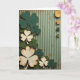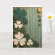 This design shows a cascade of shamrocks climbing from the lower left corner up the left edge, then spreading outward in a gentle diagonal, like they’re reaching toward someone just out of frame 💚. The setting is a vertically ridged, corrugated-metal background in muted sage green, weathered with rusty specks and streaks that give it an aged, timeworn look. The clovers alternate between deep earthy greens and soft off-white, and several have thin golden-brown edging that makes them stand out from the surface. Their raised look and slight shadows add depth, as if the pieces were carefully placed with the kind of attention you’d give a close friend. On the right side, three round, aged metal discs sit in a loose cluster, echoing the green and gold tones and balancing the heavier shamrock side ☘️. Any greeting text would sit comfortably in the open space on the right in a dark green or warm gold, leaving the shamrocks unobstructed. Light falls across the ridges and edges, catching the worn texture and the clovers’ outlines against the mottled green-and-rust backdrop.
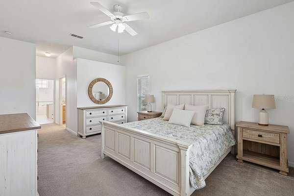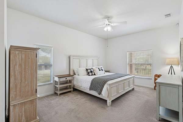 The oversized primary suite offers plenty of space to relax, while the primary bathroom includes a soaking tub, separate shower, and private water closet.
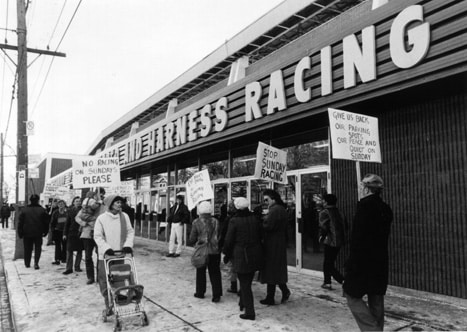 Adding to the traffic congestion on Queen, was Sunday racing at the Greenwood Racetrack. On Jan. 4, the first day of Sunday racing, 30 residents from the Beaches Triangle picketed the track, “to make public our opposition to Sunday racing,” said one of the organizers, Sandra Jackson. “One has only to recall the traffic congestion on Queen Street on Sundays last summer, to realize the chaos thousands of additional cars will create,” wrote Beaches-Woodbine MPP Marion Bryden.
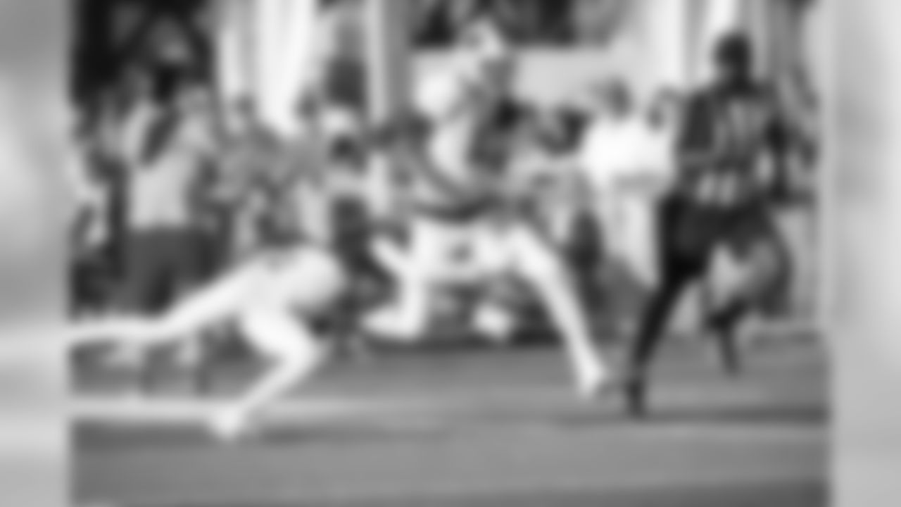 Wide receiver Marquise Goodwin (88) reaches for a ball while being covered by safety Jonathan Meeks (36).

# [Exercise aim]
Drop the images; restate the listing exactly.

# [Task output]
 This design shows a cascade of shamrocks climbing from the lower left corner up the left edge, then spreading outward in a gentle diagonal, like they’re reaching toward someone just out of frame 💚. The setting is a vertically ridged, corrugated-metal background in muted sage green, weathered with rusty specks and streaks that give it an aged, timeworn look. The clovers alternate between deep earthy greens and soft off-white, and several have thin golden-brown edging that makes them stand out from the surface. Their raised look and slight shadows add depth, as if the pieces were carefully placed with the kind of attention you’d give a close friend. On the right side, three round, aged metal discs sit in a loose cluster, echoing the green and gold tones and balancing the heavier shamrock side ☘️. Any greeting text would sit comfortably in the open space on the right in a dark green or warm gold, leaving the shamrocks unobstructed. Light falls across the ridges and edges, catching the worn texture and the clovers’ outlines against the mottled green-and-rust backdrop.
 The oversized primary suite offers plenty of space to relax, while the primary bathroom includes a soaking tub, separate shower, and private water closet.
 Adding to the traffic congestion on Queen, was Sunday racing at the Greenwood Racetrack. On Jan. 4, the first day of Sunday racing, 30 residents from the Beaches Triangle picketed the track, “to make public our opposition to Sunday racing,” said one of the organizers, Sandra Jackson. “One has only to recall the traffic congestion on Queen Street on Sundays last summer, to realize the chaos thousands of additional cars will create,” wrote Beaches-Woodbine MPP Marion Bryden.
 Wide receiver Marquise Goodwin (88) reaches for a ball while being covered by safety Jonathan Meeks (36).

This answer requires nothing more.